尚、4.9Nを10 X 5 mmの所に接着しているので、
この時接着部にかかるせん断応力は約 1MPa となります。
イオン液体の混合量が増えるほど、
電磁波照射から脱落までの時間が短くなっていることがわかります。
上記の通りイオン液体濃度に比例し、
電磁波照射に対する温度上昇が大きくなるため、
接着機能が失われ離脱したものと考えられます。
イオン液体の添加によるアクリル接着剤への影響
イオン液体添加による狙った離脱はもちろん重要ですが、
イオン液体の添加によりアクリル接着剤そのものの特性が変化しては元も子もありません。

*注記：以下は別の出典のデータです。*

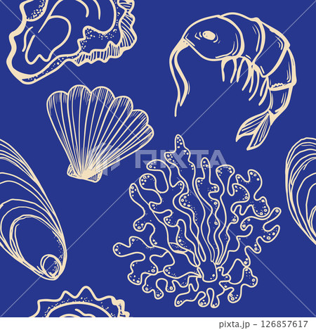 La dolce vita themed seamless pattern with Seafood. The Scallop, Shrimp, Coral, Oyster with hand drawn contour on blue background. Monochrome vector inspired by Summer Italian aesthetic.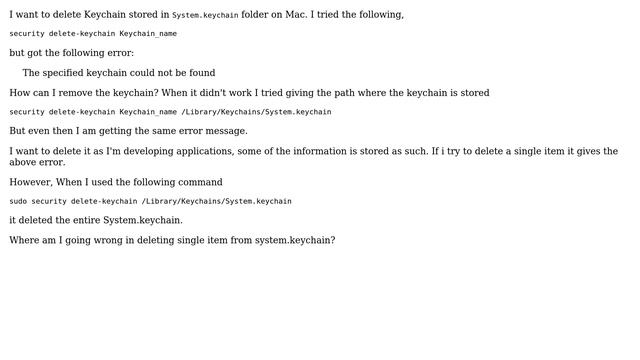 Deleting the system keychain from Mac, specified keychain could not be found Helpful? Please support me on Patreon: https://www.patreon.com/roelvandepaar With thanks & praise to God, and with thanks to the many people who have made this project possible! | Content (except music & images) licensed under cc by-sa 3.0 | Music: https://www.bensound.com/royalty-free-music | Images: https://stocksnap.io/license & others | With thanks to user random (https://superuser.com/users/307), user Daniel Beck (https://superuser.com/users/22317), user chitnisprasanna (https://superuser.com/users/116283), and the Stack Exchange Network (http://superuser.com/questions/382108). Trademarks are property of their respective owners. Disclaimer: All information is provided "AS IS" without warranty of any kind. You are responsible for your own actions. Please contact me if anything is amiss at Roel D.OT VandePaar A.T gmail.com.

まず確認しているのが FT-IR (赤外分光)です。
2053、並びに2900 cm-1 に見られるイオン液体由来のチオシアネートとアルキルのピーク、
並びに1723 cm-1 と2900 cm-1 付近の接着剤由来のエステルとアルキルのピークについて、
基本的にシフトチェンジが起こっておらず、
またイオン液体由来のピークの高さが添加量に比例して大きくなっている、
ということから接着剤とイオン液体は反応していないと述べられています。
また、電磁波照射前後での引張剪断強度の変化についても、
Figure 5 に述べられています。
多少のばらつきはありますが、
電磁波照射によりアクリルの構造が何らかの損傷を受けているわけではなさそうである、
ということは言えそうです。
その一方で耐熱性には影響があるようです。
Supporting Information として述べられているようですが、
イオン液体の添加濃度によって、
耐熱性は低下してしまうようです。
これはイオン液体が可塑剤としての役割を果たしてしまうことを考えれば、当然だと考えます。
イオン液体を加えない場合、
接着強度は200℃でも大きく変化しない一方、
20wt%のイオン液体を添加すると、
接着強度が維持できる温度は60℃まで低下するとのこと。
またDMAによる貯蔵弾性率の値も、
1.10 X 10E3 MPaから 11.9 MPaまで低下。
Tg(ガラス転移温度)も66℃から12℃まで低下するようです。
(イオン液体の添加量についての情報は無し)
このように弾性率や耐熱性への影響は認められるものの、
イオン液体の添加によりアクリル接着剤が電磁波という外部因子により、
接着界面での離脱を可能にするというのは興味深い内容といえるでしょう。
今回紹介した論文を踏まえてFRP業界で考えるべきこととは
個人的には分別を意識した材料設計をするという方向に考えるきっかけになるのではないかと考えています。
冒頭で述べたようにFRPが実際の量産製品として用いられる場合、
それ単体で使われることは少なく、
他の材料と組み合わせることが一般的です。
そして維持可能な地球環境という社会的視点も含めて産業を育てる考えは重要であり、
本点においてリサイクルの前段階ともいえる「分別」を意識することが必要ではないかと考えます。
今回のように外的なストレスにより材料の特性が変化するという考えは、
有ったようでなかった考えといえます。
またこのようなコンセプト設計は新しい機能材料の設計にも応用できるでしょう。
普段はリジットな材料が、
特定の外的ストレスにより柔らかい材料になる、
またはその逆というのも一案です。
今回ご紹介した内容が、
新たな材料に対する考え方の一助になれば幸いです。